*Exercise aim*. Only the lines from the one containing "Folklore invites you" through the end of the entries are wanted, retyped exactly and without pictures.

*** Opening of Provided entries ***

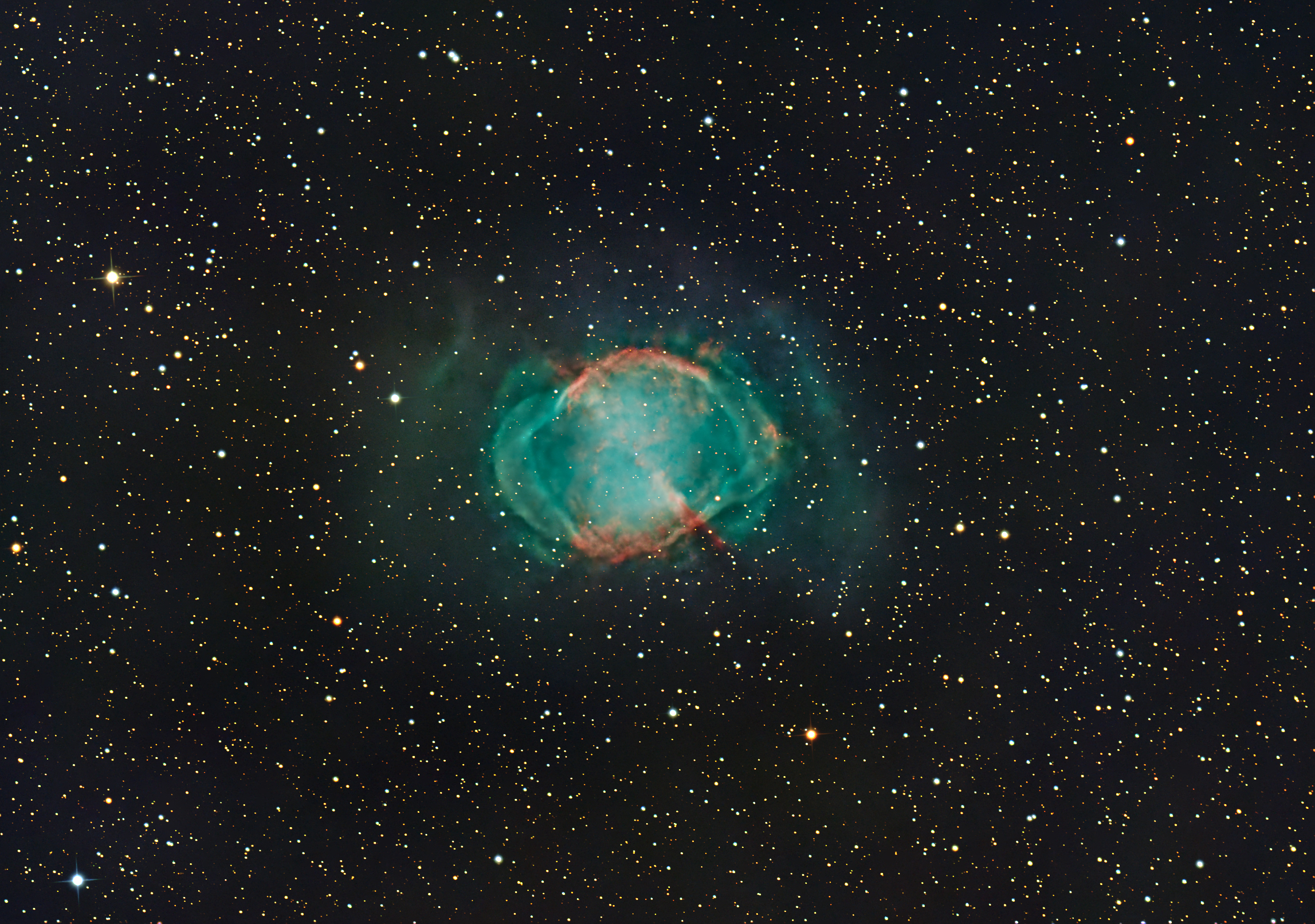 Der Hantelnebel ist ein rund 1300 Lichtjahre entfernter heller Planetarischer Nebel im Sternbild Fuchs. Der Nebel ist vor ungefähr 10000 Jahren durch einen Roten Riesenstern, dem in seiner Endphase der nukleare Brennstoff im Kern ausgegangen ist, entstanden. Der Stern hat sich aufgebläht und anschließend seine Hülle abgestoßenen. Diese Hülle dehnt sich kontinuierlich mit einer Geschwindigkeit von circa 30 km pro Sekunde aus. Innerhalb dieser Hülle blieb ein Zentralstern, ein sogenannter Weißer Zwerg, übrig. Die ultraviolette Strahlung dieses kleinen Sterns regt die abgestoßenen Gase zum Leuchten an, wodurch die Nebelstruktur sichtbar wird. Gesamtbelichtungszeit drei Stunden
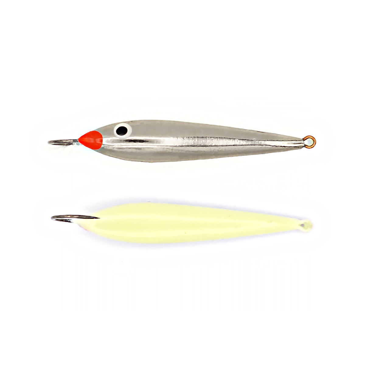 Блесна зимняя На рыбалку и точка Окуневая большая, с 2-мя крючками 3,5гр серебристая, светонакопитель
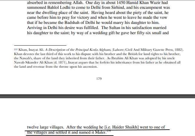 To further expose this item @acjoshi, I quote the primary source Hayat Lodhi.which clearly says "Maler was a name given by Haider shaikh himself" and it wasnt "named after earlier villages Maler and Kotla" as the item falsely claimed.
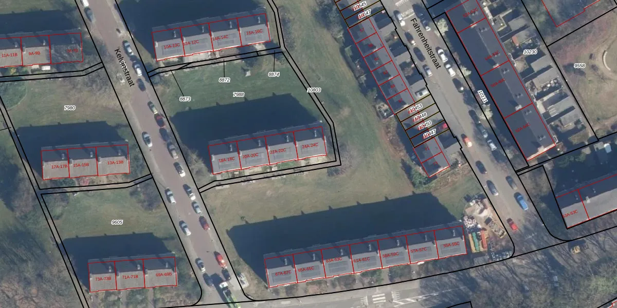 Het perceel waarop Kelvinstraat 24-A staat heeft een oppervlakte van 1760 m². Dit is een zeer groot perceel. De perceeloppervlakte wordt geregistreerd door het Kadaster. Gedetailleerde informatie over de maten van dit perceel kunt u vinden in het rapport Kadastrale kaart met maatvoering van Kelvinstraat 24-A.
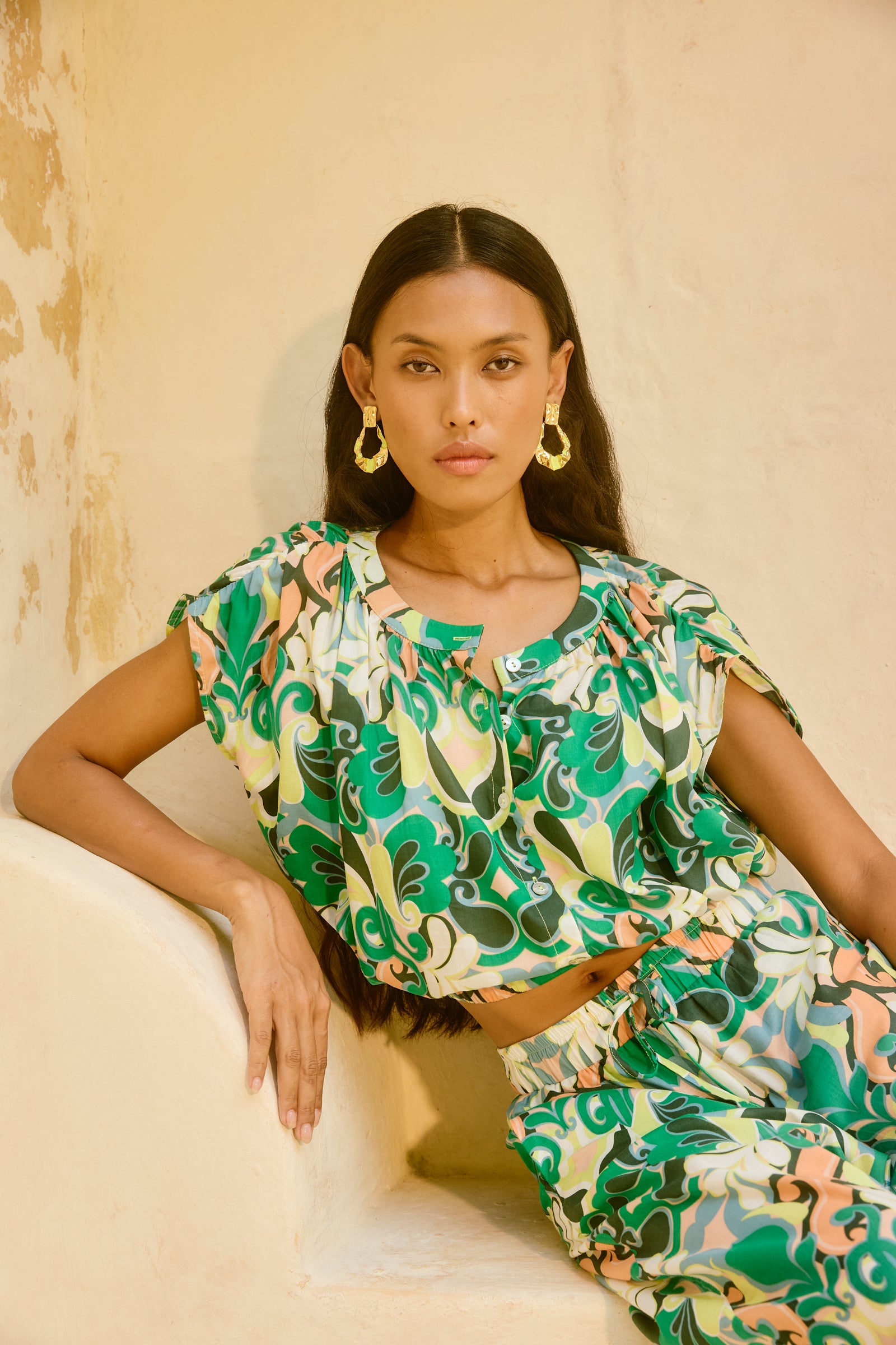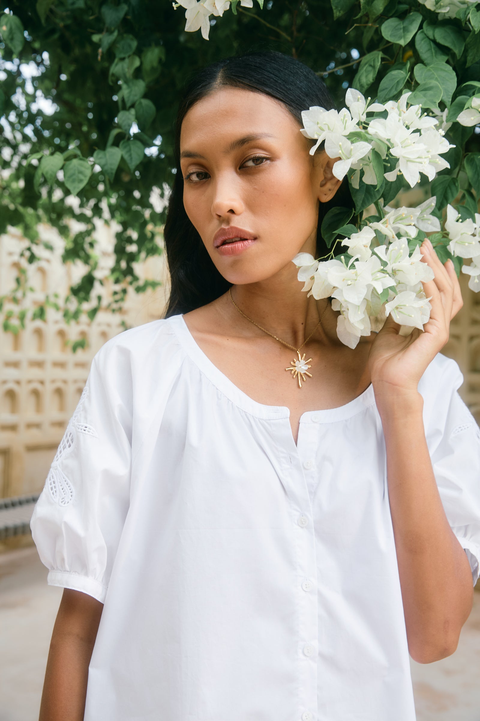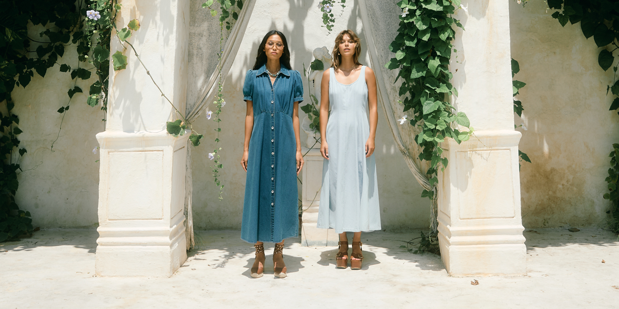 Folklore invites you into a world of quiet romance and effortless beauty. From sun-drenched courtyards to vine-covered glasshouses, each piece feels like a story stitched in cloth. This season, soft denim meets delicate lace cut-outs, dainty floral prints, and feminine silhouettes with a natural flow.
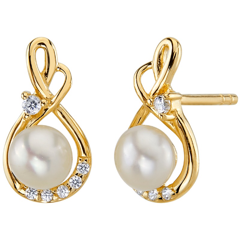 • Perlenohrringe in elegantem Gold-Design mit strahlenden Zirkonia

*** Close of Provided entries ***

*Response to the task*.
 Folklore invites you into a world of quiet romance and effortless beauty. From sun-drenched courtyards to vine-covered glasshouses, each piece feels like a story stitched in cloth. This season, soft denim meets delicate lace cut-outs, dainty floral prints, and feminine silhouettes with a natural flow.
 • Perlenohrringe in elegantem Gold-Design mit strahlenden Zirkonia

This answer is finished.